As regards the cellular source of AT cytokines and chemokines, there is some evidence that hypertrophic, FFA-stimulated, and hypoxic adipocytes themselves are a source of these cytokines and chemokines [89]. In addition, adipocyte apoptosis may attract macrophages [26]. Whether this could be quantitatively accountable for monocyte influx is not clear and many authors believe that neither adipocyte apoptosis nor secretion of cytokines/chemokines by adipocytes can fully account for macrophage influx and M1 specialization [91].

Adipocyte necrosis is increased in the context of obesity. The observation that the vast majority of infiltrating macrophages encircle necrotic adipocytes to form crown-like structures in obese rodents and humans highly suggests that necrosis-associated factors chemo-attract monocytes [92, 93]. As previously mentioned, monocytes acquire an M1 phenotype and secrete cytokines and ROS that interfere with insulin signaling in adjacent adipocytes. As a result, lipolysis of triglycerides is not inhibited by insulin. In turn, excessive release of FFA targets macrophage signaling to promote the proinflammatory output (as detailed below). The paracrine cross-talk between adipocytes and macrophages thereby evolves into a partially self-sustaining cycle of “M1-driven inflammation → adipocyte IR → increased FFA → M1-driven inflammation” that serves also to recruit more monocytes (see Figure 1 and discussion below) [94]. M1 macrophages themselves are probably the major source of AT cytokines and chemokines in established obesity.

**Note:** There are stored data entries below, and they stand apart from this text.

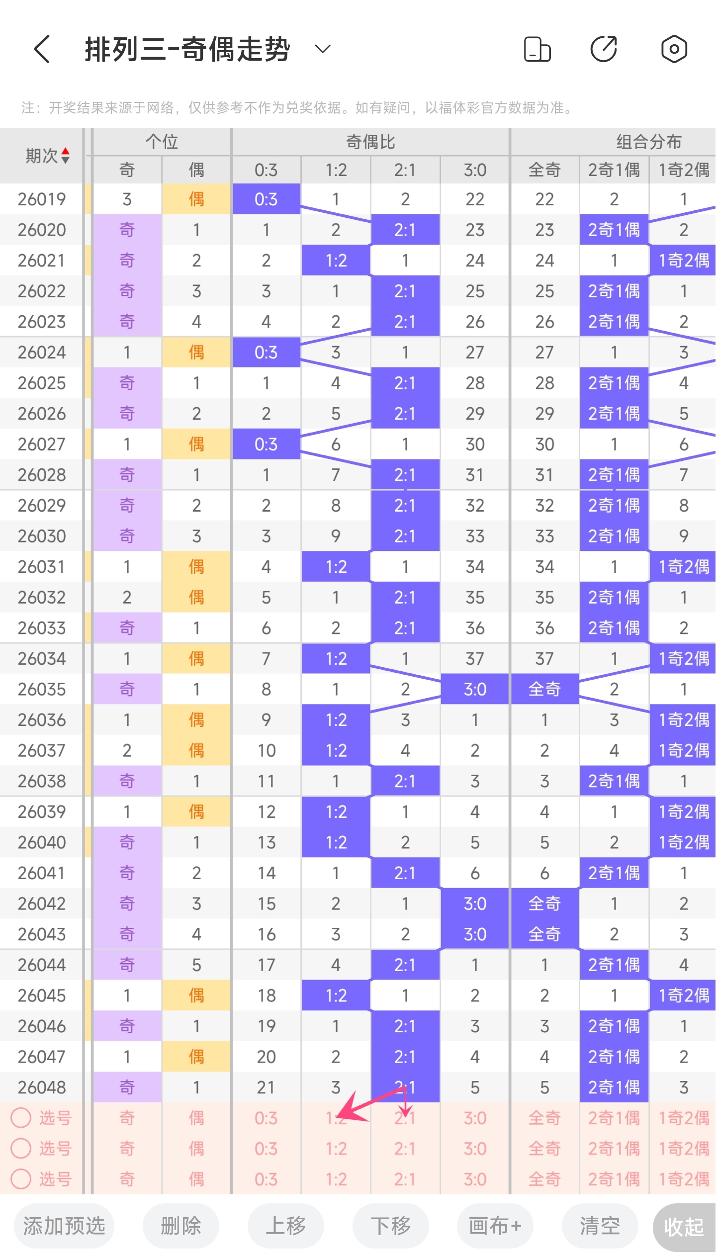 上期开出了2:1的奇偶比。往前一期是2:1奇偶比。通过分析奇偶走势图,近30期内开出1:2奇偶比的次数是8次,开出2:1奇偶比的次数是16次,3:0是3次,0:3是3次。和前一期相比,2:1次数变多,1:2次数变少。通过走势图分析,上期开2:1奇偶比,本期看好1:2奇偶比。所以推测本期可能开1:2奇偶比,其次是2:1奇偶比,最后是3:0或者0:3奇偶比。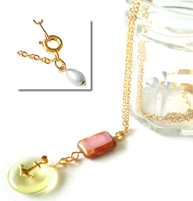 ガラスビーズの上にイカリのパーツがゆれるか夏らしいネックレスです。アクセントに、ピンクのフランスビーズをつけて、つなげてみました。留め具部分にもプチビーズがついています。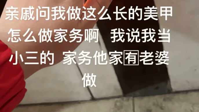 年初有个很火的挑战#亲戚问我美甲这么长怎么干活#,很多人跟风文案“当小三的,家务有他老婆做”,这何尝不是一种自我矮化?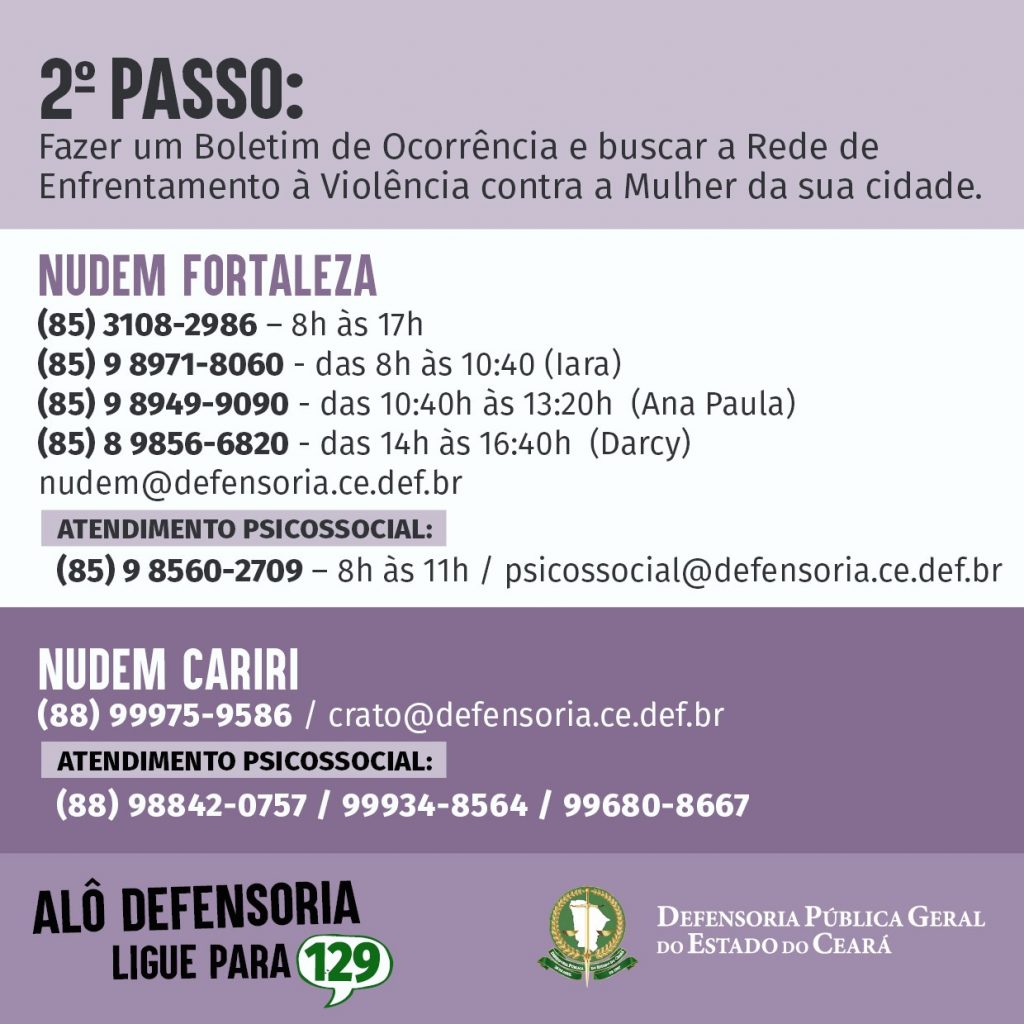 Quando houver a violência física, os defensores orientam a denunciar o mais rápido possível, para que haja a prisão em flagrante e o agressor seja levado até uma delegacia. Daí, o número 190 deve ser acionado, em primeiro plano, pela vítima, vizinhos ou parentes. Caso a violência seja de outra forma (psicológica, sexual, patrimonial, emocional) ou mesmo física, caso demore a denunciar, ainda assim esta vítima deve buscar auxílio na rede de apoio. Em Fortaleza, existe a Casa da Mulher Brasileira, onde estão reunidos diversas instituições de retaguarda. Para o interior que não há, geralmente, estrutura como a Casa da Mulher Brasileira, é importante ligar para a Central de Atendimento à Mulher em Situação de Violência. “Ela entra em contato através do número 180 e eles a orientam acerca de toda a rede, seja Defensoria Pública ou outro órgão que atua no enfrentamento à violência doméstica naquela cidade”, afirma o defensor Rafael Vilar, supervisor do Nudem Cariri.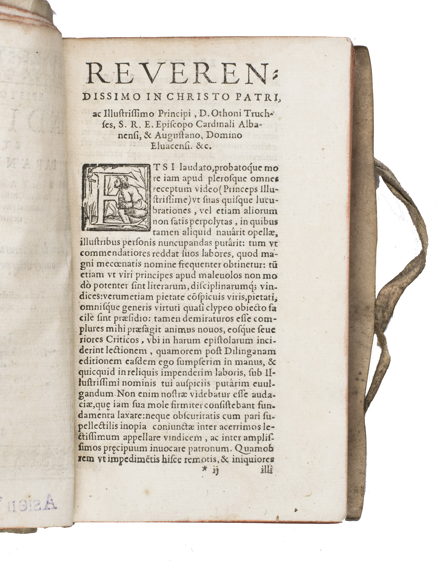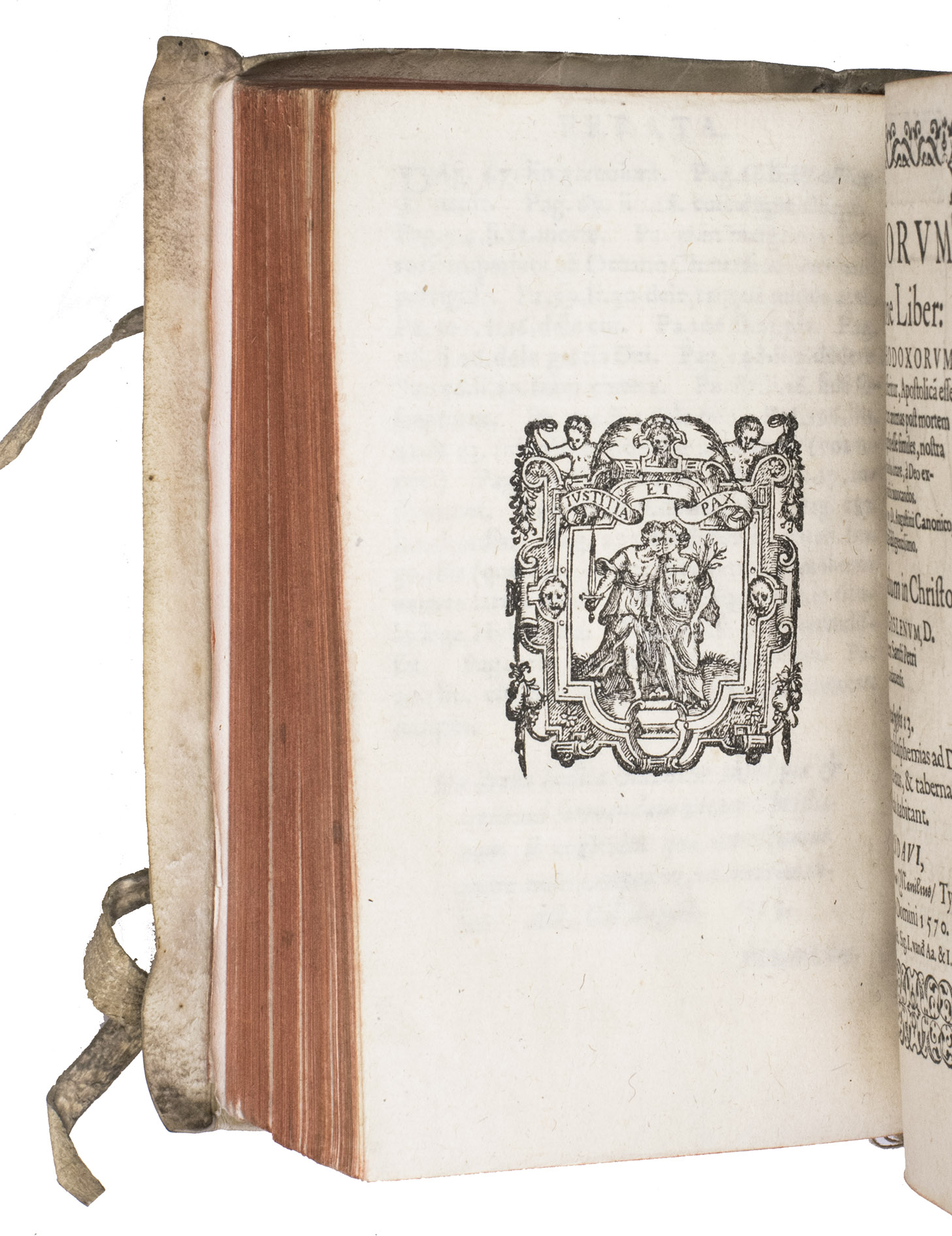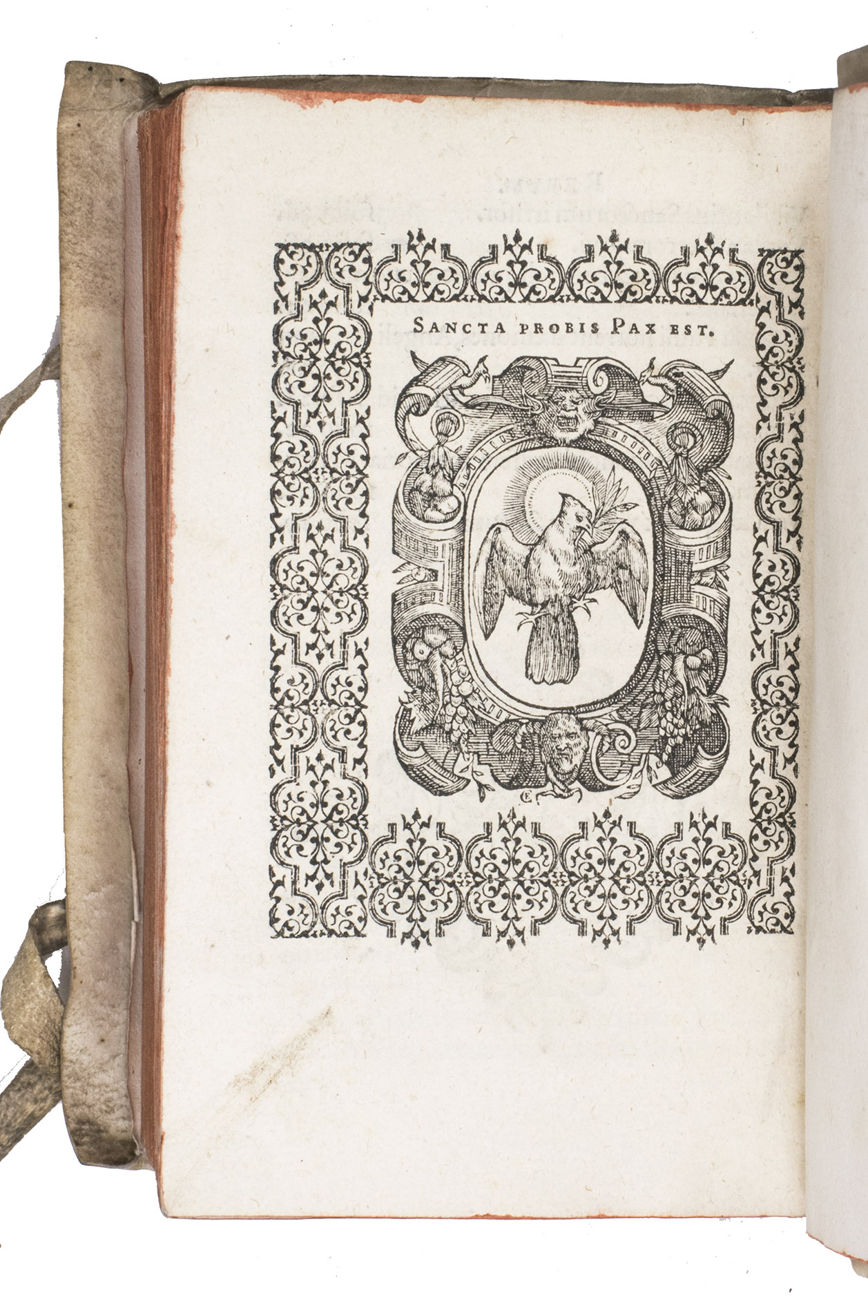 2 works in 1 volume. 8vo. Ad 1 with the title-page in a frame built up from fleurons, and a woodcut publisher's device on last blank, ad 2 with the title-page in a frame built up from fleurons, the woodcut coat-of-arms of Cunerus Petri (bishop of Leeuwarden) on the back of the title-page and on the last leaf a woodcut printer's device within a frame built up from fleurons.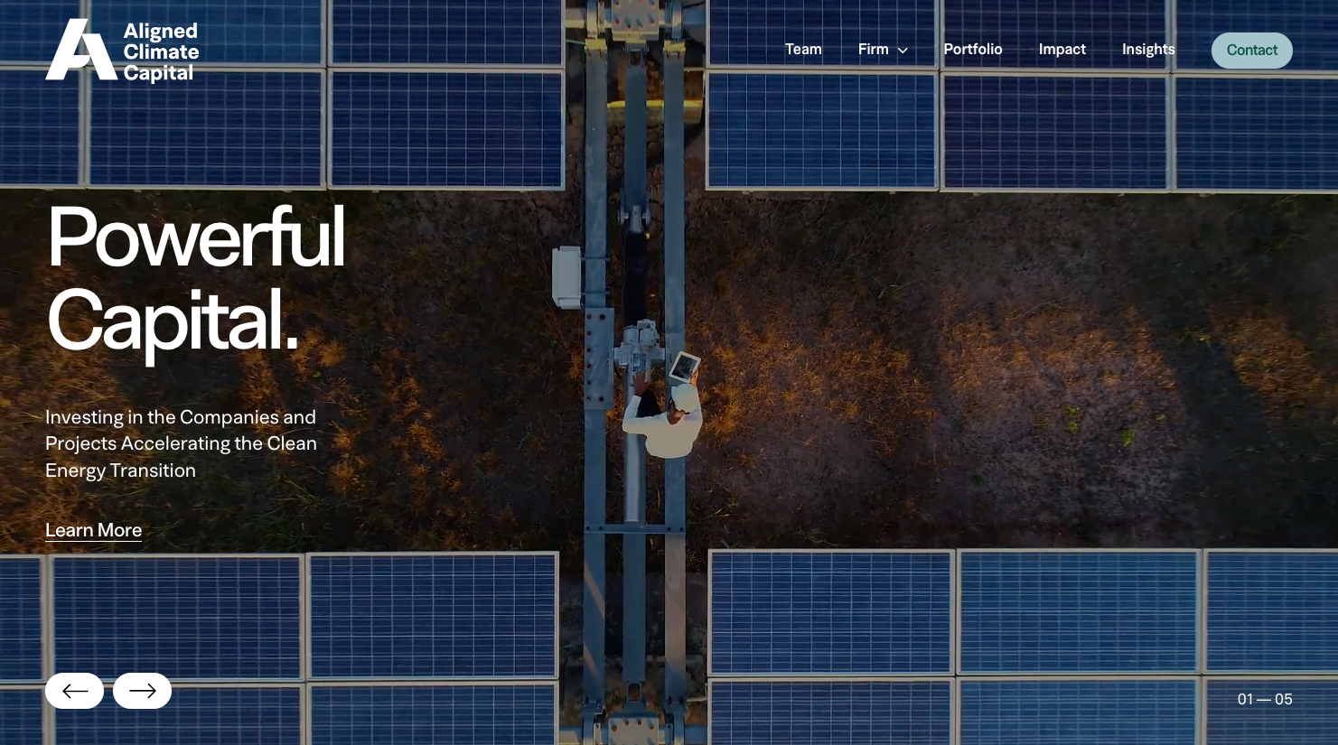 Guided by a vision in which the success of the firm, its investors, partners, and the planet are all aligned, Aligned Climate Capital is building a more sustainable and resilient future through strategic, impact-driven investments.

In infection, the activation of the TLR4 is central to the development of the M1 phenotype. Similar to other TLRs, TLR4 detects specific PARPs (pathogen-associated recognition patterns). Macrophage TLR4 preferentially ligates LPS released from the outer membrane of Gram-negative bacteria (GNB). TLR4 signaling elicits ROS generation and nuclear translocation of canonical NF-κB, the p50–p65 heterodimer. Indeed, GNB septicemia [17] and systemic administration of LPS [95, 96] induce an insulin-resistant state. Furthermore, LPS infusion impaired insulin signaling and induced proinflammatory cytokine and chemokine expression in human subcutaneous AT [95, 96]. These findings suggest that LPS may mediate M1 activation in obese AT. Whereas Gram-negative bacteremia is incapacitating and cannot account for IR in the general population, emerging evidence now depicts obesity and DM as states of “metabolic endotoxemia,” that is, mildly elevated concentrations/activity of flora-derived LPS detectable in the circulation. The mechanisms underlying the mild endotoxemia include enhanced intestinal translocation of LPS from intestinal microbes [97] and impaired LPS neutralization [98]. Indeed, the vast population of microorganisms residing in the intestine is emerging as a major regulator of gastrointestinal, metabolic, enteroendocrine, and immune function [50]. Obesity and DM are accompanied by an increase in LPS-containing microbiota in the gut [99]. This impairs epithelial barrier function, precipitating the translocation of LPS, macrophage infiltration of AT, and induction of adipose IR in a CD14-dependent manner [100, 101]. A high-fat meal also facilitates absorption of intestinal LPS and promotes low-grade systemic [102] and AT [101, 103]. The intestinal flora can be safely manipulated through intake of probiotics and prebiotics such as to augment insulin sensitivity [104]. We hypothesize that certain probiotic strains may ameliorate the increased M1-to-M2 ratio of AT macrophages, thereby attenuating IR.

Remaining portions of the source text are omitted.